Plus loin une épicerie, un « Couche-Tard », offre encore ses étals de fruits et de légumes, des conserves et des bouteilles de vin que de nombreux étudiants apporteront avec eux au restaurant et que le serveur débouchera sans sourciller et avec le sourire. Ailleurs une boîte de nuit déverse ses décibels sur le trottoir et les pousse jusque dans les oreilles des fumeurs sortis s’emplir les poumons ou se vider les tympans.
Il y a tant de monde sur les trottoirs, tant de vie et de sérénité malgré le bruit et les voitures, tant de jeunes à faire la queue devant les restaurants que l’on oublie que là aussi la misère est venue se nicher. Sans agressivité, résignée, soumise à un espoir ténu, celui de s’en sortir. Un jour... Quel talent s’est-il cru celui-ci ? Il jongle avec trois quilles que son ébriété fera choir. Quel drame familial a fui cette autre qui n’a que son chien et sa couverture ? Assise dans le renfoncement d’un commerce fermé, près de la boîte de nuit, elle regarde ces autres jeunes, elle les admire peut-être. Les envie-t-elle ? Elle seule pourrait le dire mais elle se tait. Son silence lui vaut quelques piécettes. Une jeune femme sortie d’une épicerie voisine lui tend un sac :
- Pour vous aider, pour vous en sortir demain peut-être, lui dit-elle.
Ici la solidarité est à tous les coins de rue, spontanée. Peut-être le lointain héritage d’une vie incertaine dans un pays hostile.
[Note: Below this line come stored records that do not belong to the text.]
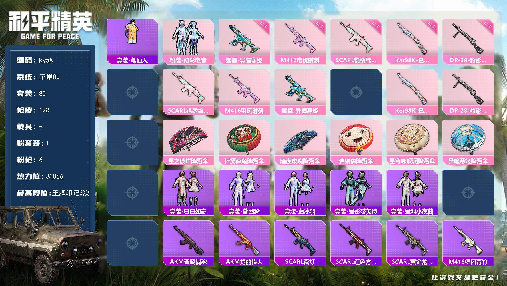 [17226698]苹果 手Q-1粉装-6特效枪-0载具-2粉色飞行器-35866热力值-3王牌印记-85套装-128枪皮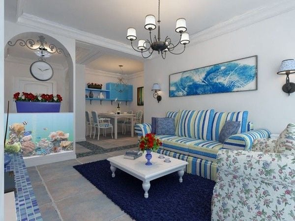 Hai màu sắc căn bản mà bạn cần phải nhớ khi thiết kế nội thất phòng khách cho người mệnh Thủy đó là xanh và đen.
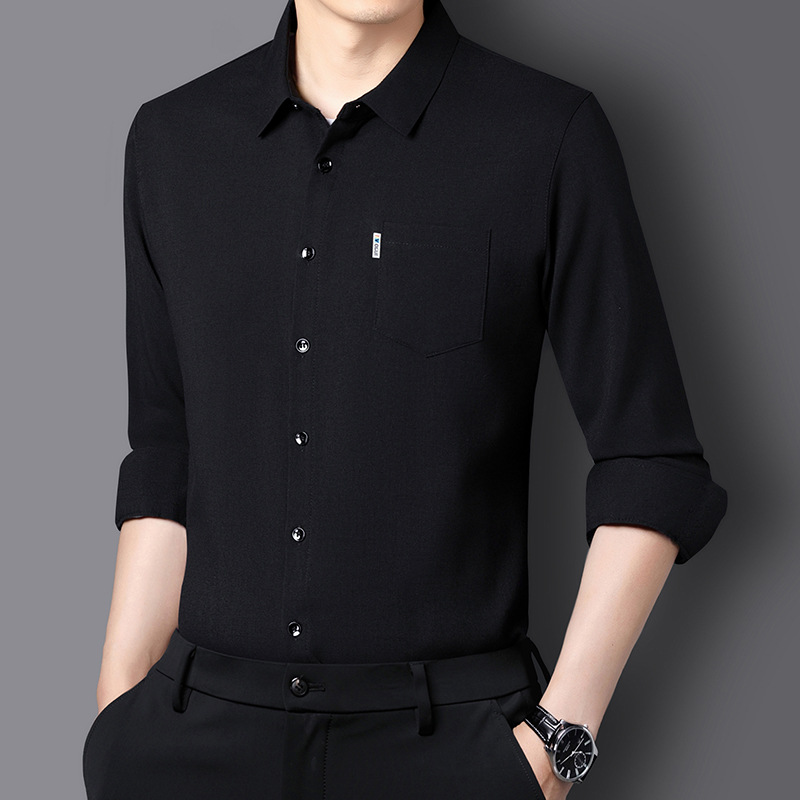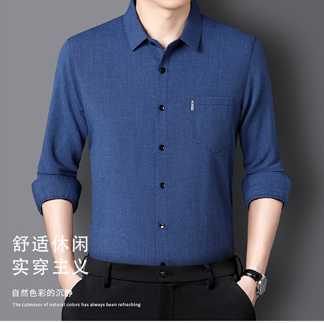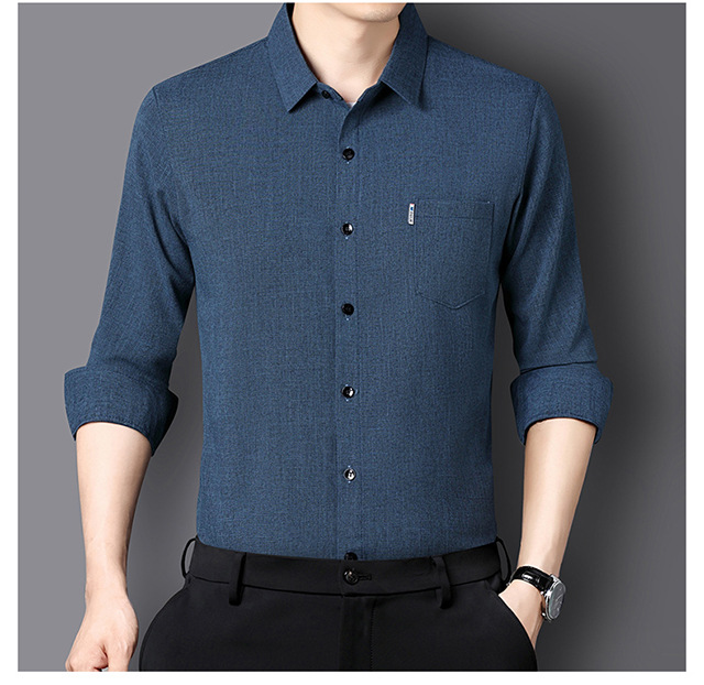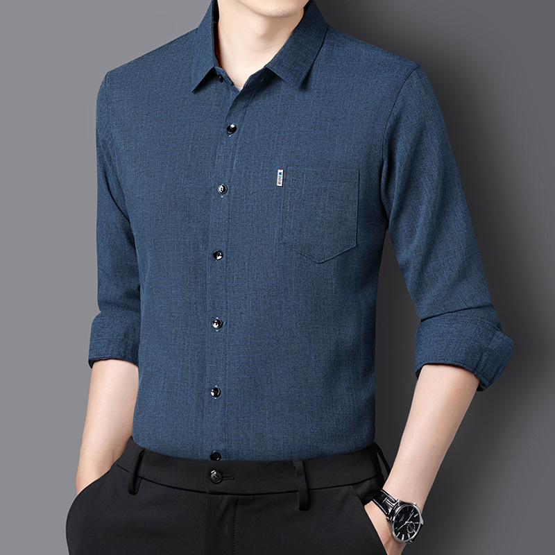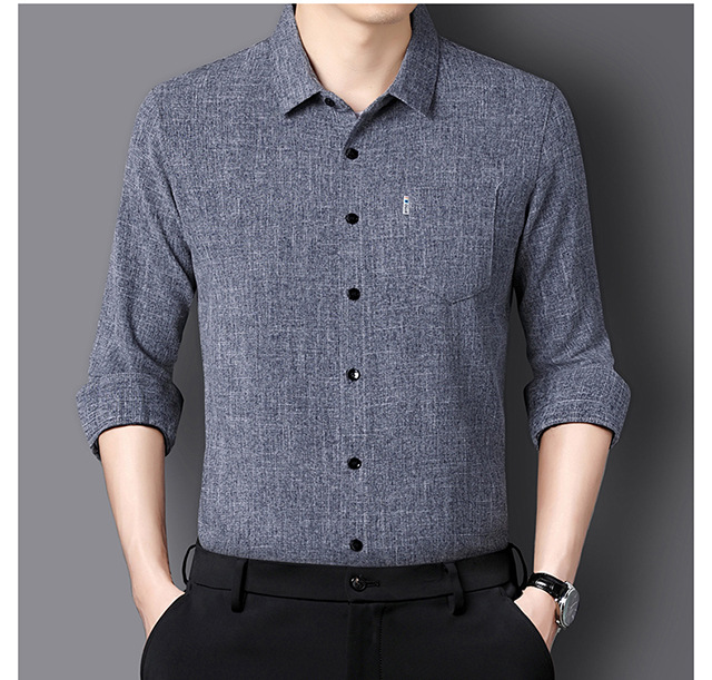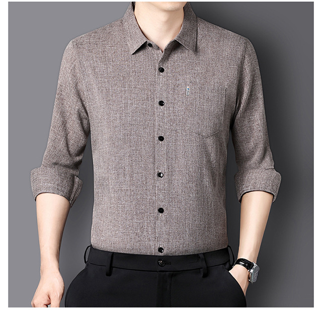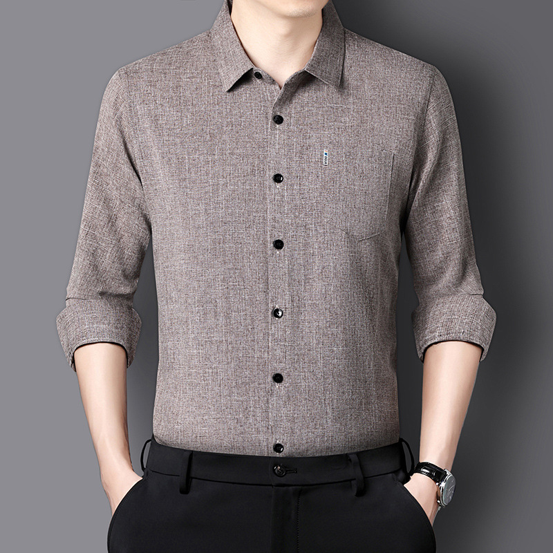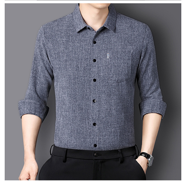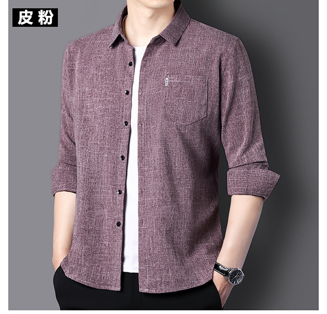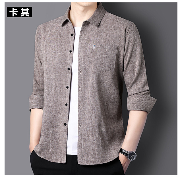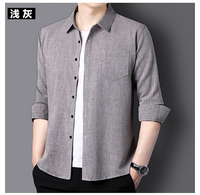 남성용 코튼 리넨 긴팔 셔츠 다림질 옷깃 아빠의 최고 셔츠 올매치 탄성 피부 친화적 인 캐주얼 비 필링

Moins astucieux ou plus résigné, un pauvre type est assis plus loin contre une façade, dans l’ombre. Il regarde passer les voitures. La plupart sont belles, Buick, Chevrolet, Cadillac, Porsche, Lexus, l’abondance mécanisée se doit d’être ostentatoire. Je m’approche. Il est ivre, sa tête balance. Deux pièces sorties de ma poche, sans que je sache comment, tombent dans son bol. Il balbutie un galimatias de mots que je ne comprends pas, se lève en titubant et va vomir le long du trottoir sur les roues du superbe coupé Bentley que je n’avais même pas remarqué.